■ **To do**
Your copy begins at the line with "(Simple Numbers )" and runs through the end of the data below. Set down only those lines exactly, without pictures.

++++ Data shown

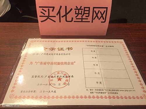买化塑网站上线仅一年时间,即获得广东省网商协会授予的“2015年度广东省守合同重信用企业(网商)”荣誉称号,不仅证明该平台发展符合相关法律法规,是诚信经营的典范,更是买化塑公信力与知名度的再次提升。相信在广东省网商协会诚信认证体系服务与监督下,买化塑将继续更加合法合规地发展,为越来越多的行业机构及B2B互联网公司所认可。
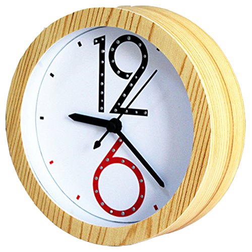 Grazing 5" Simple Arabic Numbers Imitation Wood Grain Non Ticking Sweep Silent Round Desk Travel Alarm Clock (Simple Numbers )
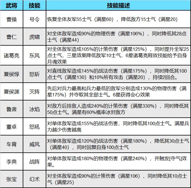 战马技能虎啸:释放技能降低敌方士气时,额外降低5点士气。

++++++++

■ **Response**
 Grazing 5" Simple Arabic Numbers Imitation Wood Grain Non Ticking Sweep Silent Round Desk Travel Alarm Clock (Simple Numbers )
 战马技能虎啸:释放技能降低敌方士气时,额外降低5点士气。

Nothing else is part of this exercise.